Exercise instructions:
Output the data below only from the line containing "The new series" up to and including the line containing "Winky Blue And White Columbine in bloom", exact and with the pictures left out.

Data records:

--------------------------------------------------

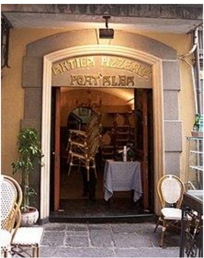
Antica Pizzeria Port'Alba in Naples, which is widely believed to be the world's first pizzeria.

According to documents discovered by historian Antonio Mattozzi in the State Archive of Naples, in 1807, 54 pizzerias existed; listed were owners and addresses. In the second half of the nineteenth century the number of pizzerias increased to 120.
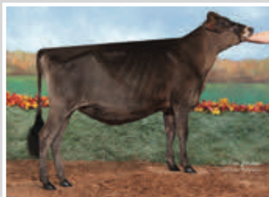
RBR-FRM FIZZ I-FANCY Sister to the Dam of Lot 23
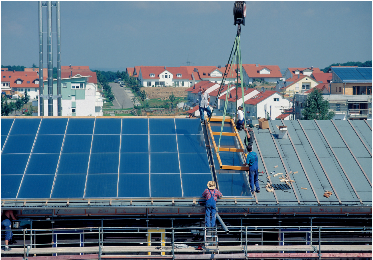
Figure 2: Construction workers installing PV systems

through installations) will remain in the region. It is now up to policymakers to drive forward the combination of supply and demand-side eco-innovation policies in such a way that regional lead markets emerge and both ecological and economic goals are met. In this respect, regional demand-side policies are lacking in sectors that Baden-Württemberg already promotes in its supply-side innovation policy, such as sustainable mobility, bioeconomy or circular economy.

--------------------------------------------------

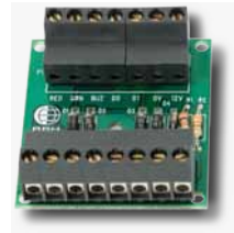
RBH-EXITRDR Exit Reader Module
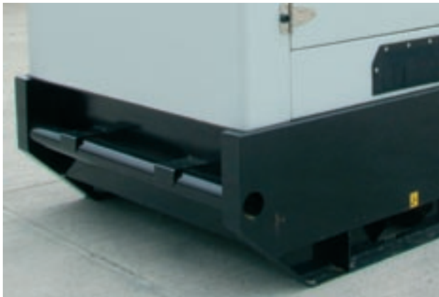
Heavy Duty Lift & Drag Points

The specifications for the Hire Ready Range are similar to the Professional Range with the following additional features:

--------------------------------------------------

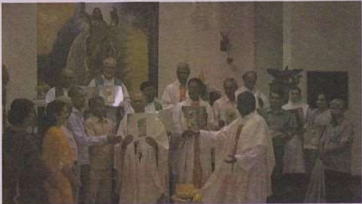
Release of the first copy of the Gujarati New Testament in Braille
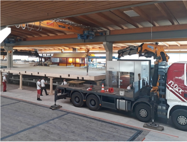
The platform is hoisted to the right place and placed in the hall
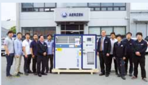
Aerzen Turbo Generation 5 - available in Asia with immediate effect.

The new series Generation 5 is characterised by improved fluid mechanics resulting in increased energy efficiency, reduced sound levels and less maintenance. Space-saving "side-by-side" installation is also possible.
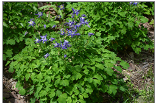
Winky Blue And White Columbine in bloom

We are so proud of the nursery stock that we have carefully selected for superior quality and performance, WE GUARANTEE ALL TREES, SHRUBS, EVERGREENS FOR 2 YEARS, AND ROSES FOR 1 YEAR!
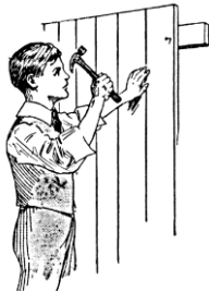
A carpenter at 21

--------------------------------------------------

Expected answer:
The new series Generation 5 is characterised by improved fluid mechanics resulting in increased energy efficiency, reduced sound levels and less maintenance. Space-saving "side-by-side" installation is also possible.
Winky Blue And White Columbine in bloom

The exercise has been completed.